Thursday marked the National Day of Prayer, a day that's been formally recognized by the government since 1952.
But despite a good turn-out by religious groups at events all over Colorado Springs, the day itself has become somewhat controversial.
The National Day of Prayer was observed by churches, some students at high schools, and even by religious groups gathering at City Hall. "This is happening all over the country," says Bill Cole, the pastor at Circles of Love Bible Church, who helped organize the city hall gathering. "We're all coming together, sharing a unified spirit."
But another conversation is brewing about whether there should be a national day for prayer at all.

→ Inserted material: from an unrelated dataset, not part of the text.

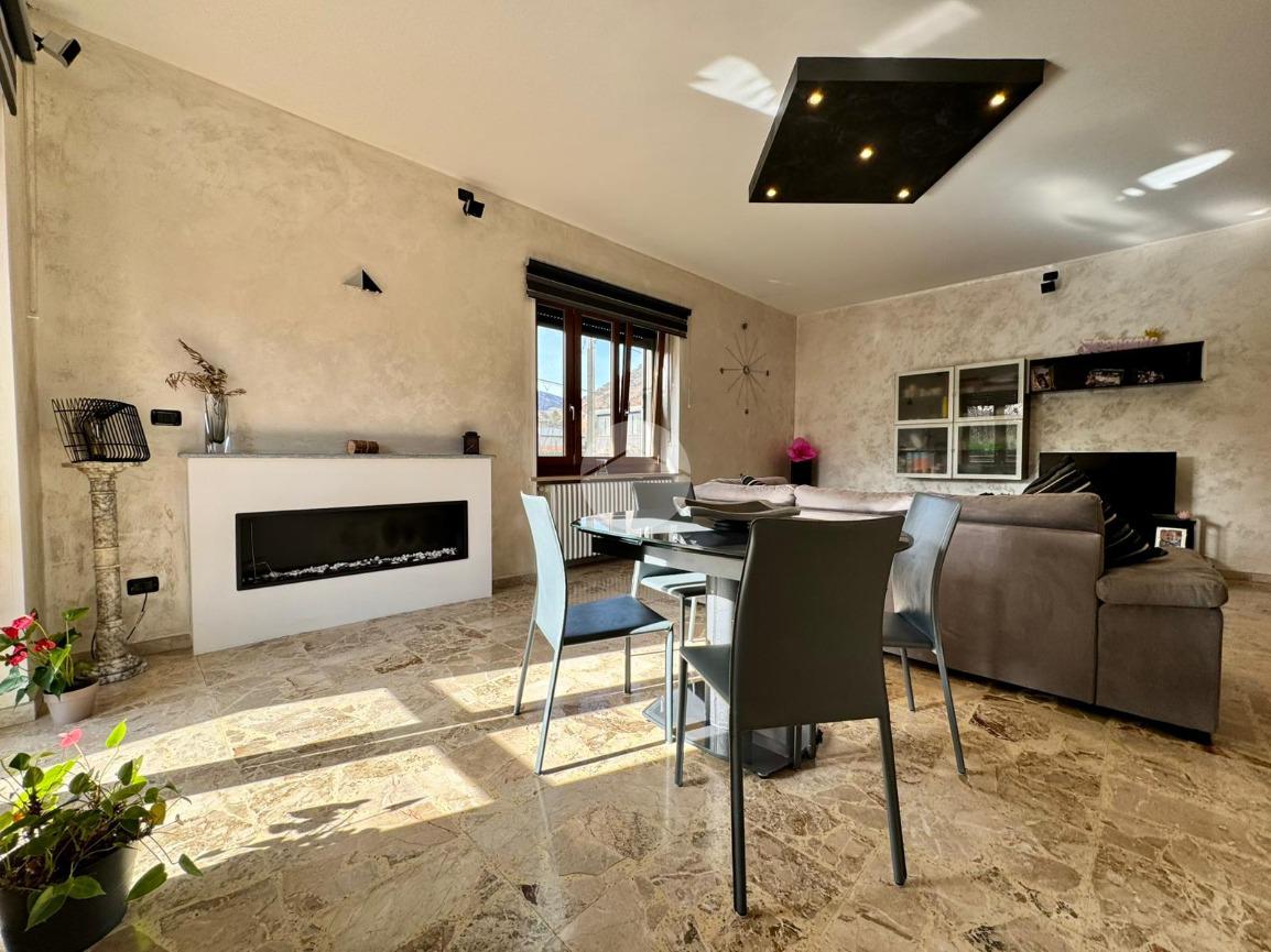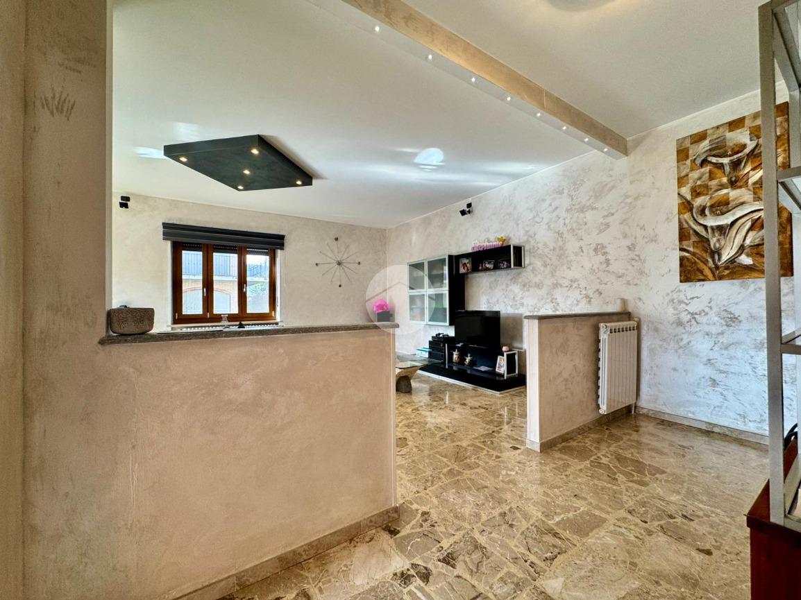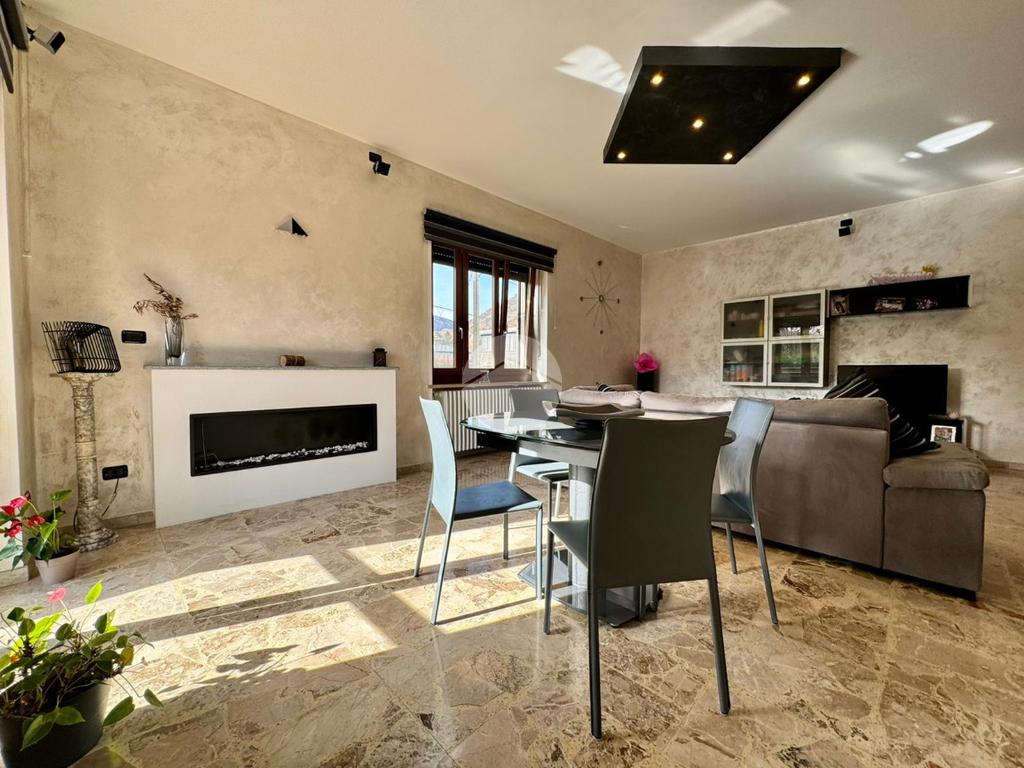 L’ingresso introduce in un magnifico salone doppio, luminoso grazie all’ottima esposizione, impreziosito da un elegante camino a bioetanolo che dona atmosfera e carattere all’ambiente.

"The problem with the National Day of Prayer is the word national. 'Our nation's'. It's not," says John Patrick Michael Murphy, a life member of the Freedom From Religion Foundation. "They're not getting me to pray today or yesterday or tomorrow. And I'm a tax payer with the same rights as they have."
The Freedom from Religion Foundation placed billboards throughout Colorado Springs calling for a clear separation of church and state. They particularly targeted the Springs because Focus on the Family has a task force dedicated to enforcing the day.
"It's our mission to communicate with every individual the need for personal repentance and prayer," says Michael Calhoun of the National Day of Prayer Task Force. "Mobilizing the Christian community to intercede for America and its leadership, in the areas of military, media, education, church and family."
Murphy says he's not against a group's right to pray on a specific day, he just opposes his tax dollars being used for something he doesn't believe in. "They're doing it on our ground, on our time, on our dollar, and that's despicable."
An April 15th ruling by a district judge in Wisconsin calls the day unconstitutional. The suit was filed by the Freedom From Religion Foundation, and the ruling is being appealed.